当社は都市型ドラッグストアの展開を得意としており、都市部の駅前などの好立地店舗が主力。食料品などの安売りで顧客を呼び込む必要がある郊外型ドラッグストアとは異なり、医薬品・化粧品など高利益率商品を低コストで販売しやすい点に強みがある。
✔最終利益と利益率
マツキヨココカラ&カンパニーの純利益は2020年にやや腰折れしたが、同年以降には増加傾向。2024年には過去最高となる純利益546億円に到達。営業利益率は2022年まで5%~6%で安定していたが、2024年には7%以上に上振れ。ドラッグストアチェーンとしては高い利益率を誇る。
✔自己資本比率と純資産
マツキヨココカラ&カンパニーの自己資本比率は長期的に70%前後の水準で推移しており、財務健全性は極めて良好。純資産も長期的な増加傾向が続いているうえ、2021年にはココカラファインとの経営統合により急増。2022年には純資産5,214億円に到達している。
社員の待遇
✔平均年収と平均年齢
マツキヨココカラ&カンパニーの平均年収は727万円(2024年)だが、これは持株会社の従業員の74人の平均年収であるため参考にならない。事業会社の総合職の場合、30歳前後で店長に昇格すると年収550万~620万円に到達、課長クラスで年収830万~920万円ほど。薬剤師職は年収450万~650万円が目安。
✔従業員数と勤続年数
マツキヨココカラ&カンパニーの持株会社の従業員は74人(2024年)と僅かであり、殆どの従業員は事業会社に属している。事業会社や関連会社の従業員も含めた連結従業員数は1.27万人ほど。平均勤続年数は15.6年(2024年)だが、これは持株会社の74人の平均勤続年数であるため参考にならない。
総合評価
企業格付け:CCC
■業績動向
拡大基調。もともと同業大手よりも利益率が高かったが、2021年にココカラファインとの経営統合を経て、売上高・利益いずれも躍進。今や売上高1兆円を超える巨大ドラッグストアチェーンへと飛躍した。COVID-19感染終息によって都市型ドラッグストアを主力とする当社の強みが伸長した他、ココカラファインとの販売ノウハウ共通化などのシナジーが業績を底上げ。
■財務体質
強固。長年に渡って財務健全性に相当以上の気を使っており、実質無借金経営。有利子負債は12億円(2024年)に留まり、企業規模を考えれば「銀行とのお付き合い」程度のみ。
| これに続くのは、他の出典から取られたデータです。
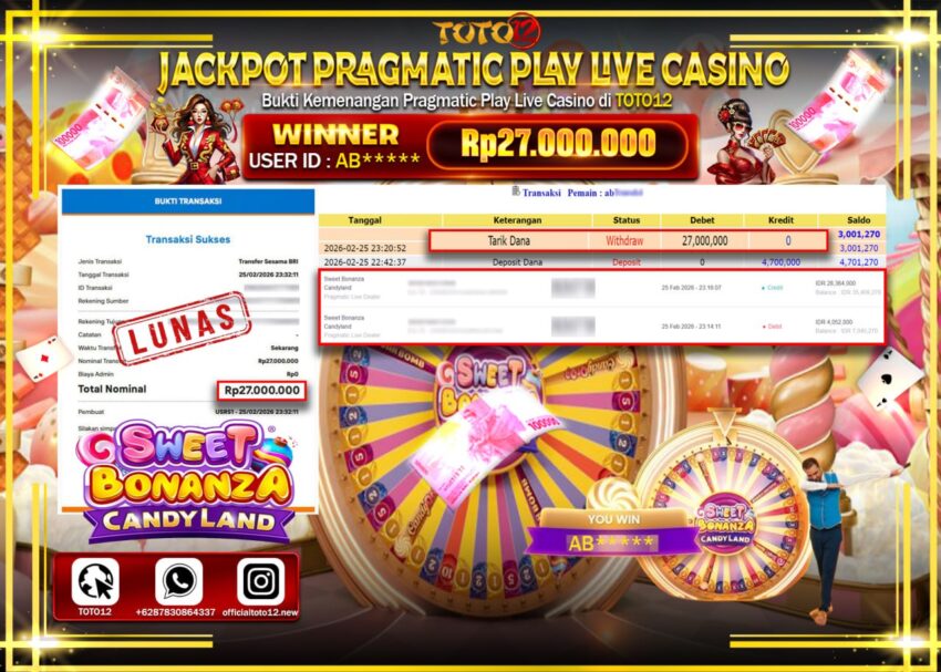 Selamat kepada Member Kami AB**** Telah Jackpot dan berhasil mendapatkan kemenangan besar pada permainan JACKPOT PRAGMATICK PLAY LIVE GAME CASINO (SWEET BONANZA) Dengan Kemenangan Sebesar Rp.27.000.000–. Setelah mengisi Fomulir Withdraw dengan Kurang waktu 1-2 Menit Dana sudah kami Trasnfer kepada Pemilik Userid dan dana sudah dapat di cairkan oleh pemenang. Bukti Pembayaran yang TOTO12 berikan merupakan Bukti Pembayaran yang SAH / VALID yang langsung Di dapatkan melalui transaksi dari Bank yang di Tunju.

経営統合で合流したココカラファインも長年に渡って無借金経営を貫いてきた企業であった為、経営統合を経ても尚、自己資本比率70%前後の極めて優良な財務体質を誇る。
■ビジネス動向
経営目標として「2025年までの売上高1.5兆円・営業利益率7%」を掲げる。業界1位のウェルシアを売上高で大きく抜き去り、利益率でも業界断トツ首位レベルを目指すことであるから、相当な野心的目標である。店舗戦略という観点では業界トップレベルの都市型店舗網を確立しており、次なる関心事は顧客データ活用によるマーケティングの強化である。2024年にはマツモトキヨシとココカラファインのアプリを統合、顧客データベースの共通化を急ぐ。
就職格付け:CC
■給与水準
30歳前後の店長で年収550万~620万円が目安、小売業界では高めの給与水準を提示している。店舗数が同業最多であるため店長ポストも多く、しっかりと実力を示せば早々に店長職へ昇格可能。薬剤師職は年俸制となっており、入社時から年収460万円~505万円の給与レンジとなっている。
■福利厚生
業界内では上位級。転勤者には借上げ社宅が無料で与えられるうえ、赴任手当として5万円が支給される。会社都合の転勤者とはいえ、自己負担ゼロというのは極めて珍しい厚待遇である。従業員割引制度により、店舗での買い物は全商品が10%オフとなるため長期的な恩恵は大きい。従業員の誕生日にはカタログギフトも贈呈される。
■キャリア
総合職・薬剤師職の2職種制。総合職は将来的にグループ経営を担う幹部候補生として店長・本社部門などを目指す。薬剤師職はまずは管理薬剤師を目指すものの、将来的には店長や本社部門への異動も可能。いずれも職種も店長・管理薬剤師などにまずは昇格しない限り、いち店舗スタッフに過ぎないため、店舗で実力を発揮して店長・管理薬剤師に昇格することを目指す必要がある。